### WORK TO COMPLETE
Repeat, exactly and in full, the lines of the listing below, but without any pictures.

### RECORDED INFORMATION
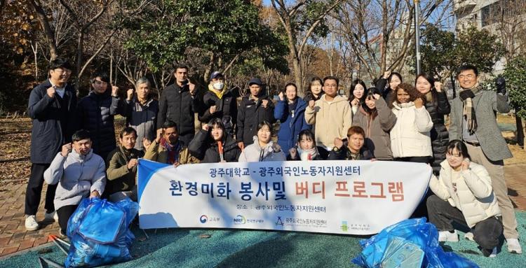 [ÅåÅå´º½º]±¤ÁÖ´ëÇб³(ÃÑÀå ±èµ¿Áø) ÇлýµéÀº Áö³ 3ÀÏ ±¤»ê±¸ Àå´öµ¿ µµ¼°ü °ø¿ø ÀÏ¿ø¿¡¼ Áö¿ª »çȸ ȯ°æ ¹ÌÈ ºÀ»çȰµ¿À» ÆîÃÆ´Ù. ¶ÇÇÑ ¿Ü±¹ÀÎ ³ëµ¿ÀÚµéÀÇ ¾ÈÁ¤ÀûÀÎ Á¤Âø°ú »îÀÇ Áú Çâ»óÀ» À§ÇØ Çѱ¹¾î ¹öµð ÇÁ·Î±×·¥µµ ¿î¿µÇß´Ù.
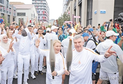 当日,2024年巴黎奥运会火炬在奥运村内传递。(新华社发)
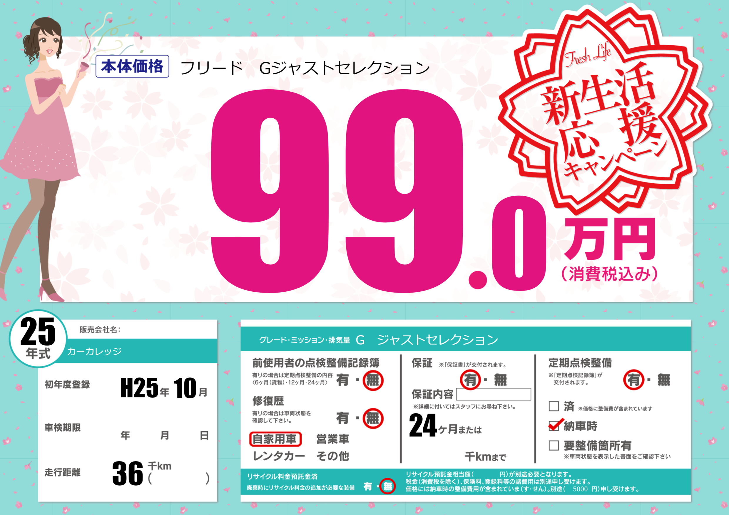 | 車名 | フリード Gジャストセレクション | グレード ミッション 排気量 |
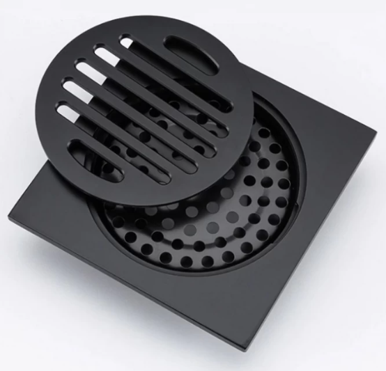 Душевой трап квадратный с горизонтальным выпуском Gappo G81053-6, размер 10 * 10 см, цвет черный. Изготовлен трап из латуни, боковой выпуск 50 мм
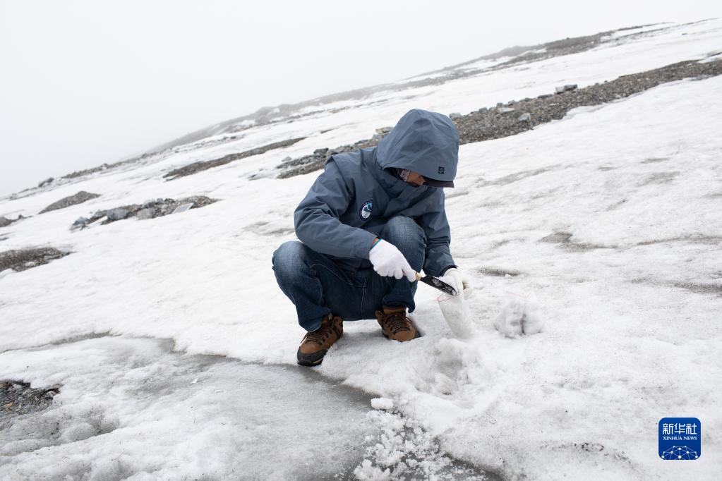 玉龍雪山站工作人員杜春紅在白水河1號冰川上采集雪樣(6月19日攝)。
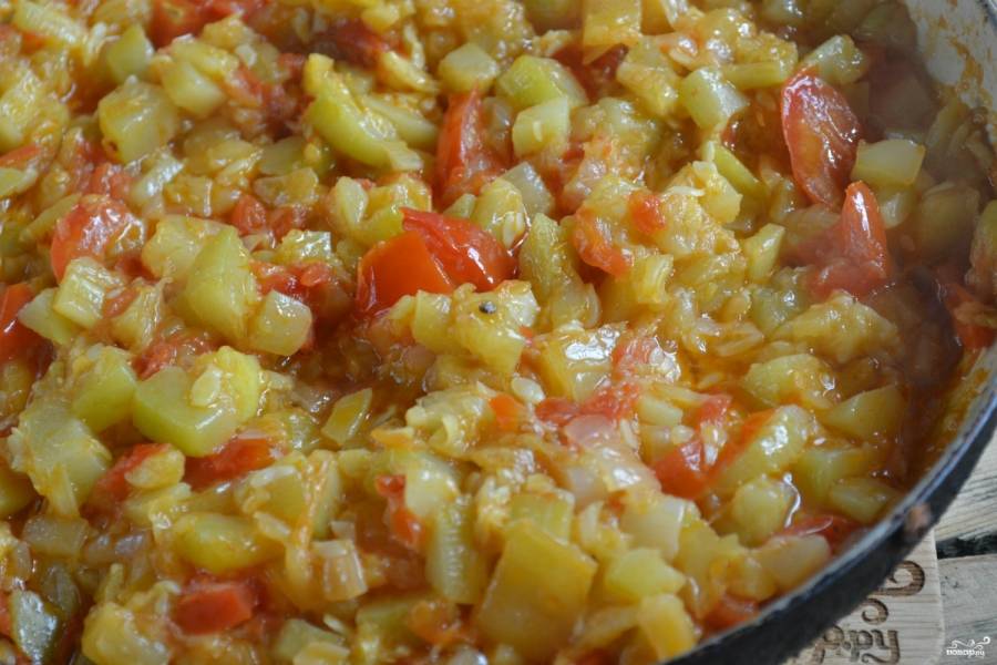 Готовьте икру до тех пор, пока помидоры полностью разварятся и окрасят остальные овощи.
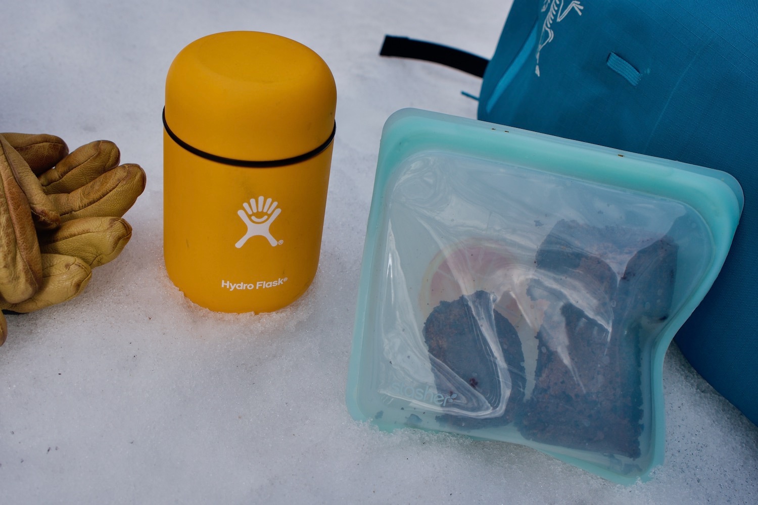 For homemade energy bars, I find they fit into pockets and hold their shape best when wrapped tightly. It’s usually worth a little extra weight to tote along some chili or ramen in my Hydro Flask Food Flask, as a warm cup of soup is just about the best thing you could ask for on a cold, windy summit.

### REPLY
 [ÅåÅå´º½º]±¤ÁÖ´ëÇб³(ÃÑÀå ±èµ¿Áø) ÇлýµéÀº Áö³ 3ÀÏ ±¤»ê±¸ Àå´öµ¿ µµ¼°ü °ø¿ø ÀÏ¿ø¿¡¼ Áö¿ª »çȸ ȯ°æ ¹ÌÈ ºÀ»çȰµ¿À» ÆîÃÆ´Ù. ¶ÇÇÑ ¿Ü±¹ÀÎ ³ëµ¿ÀÚµéÀÇ ¾ÈÁ¤ÀûÀÎ Á¤Âø°ú »îÀÇ Áú Çâ»óÀ» À§ÇØ Çѱ¹¾î ¹öµð ÇÁ·Î±×·¥µµ ¿î¿µÇß´Ù.
 当日,2024年巴黎奥运会火炬在奥运村内传递。(新华社发)
 | 車名 | フリード Gジャストセレクション | グレード ミッション 排気量 |
 Душевой трап квадратный с горизонтальным выпуском Gappo G81053-6, размер 10 * 10 см, цвет черный. Изготовлен трап из латуни, боковой выпуск 50 мм
 玉龍雪山站工作人員杜春紅在白水河1號冰川上采集雪樣(6月19日攝)。
 Готовьте икру до тех пор, пока помидоры полностью разварятся и окрасят остальные овощи.
 For homemade energy bars, I find they fit into pockets and hold their shape best when wrapped tightly. It’s usually worth a little extra weight to tote along some chili or ramen in my Hydro Flask Food Flask, as a warm cup of soup is just about the best thing you could ask for on a cold, windy summit.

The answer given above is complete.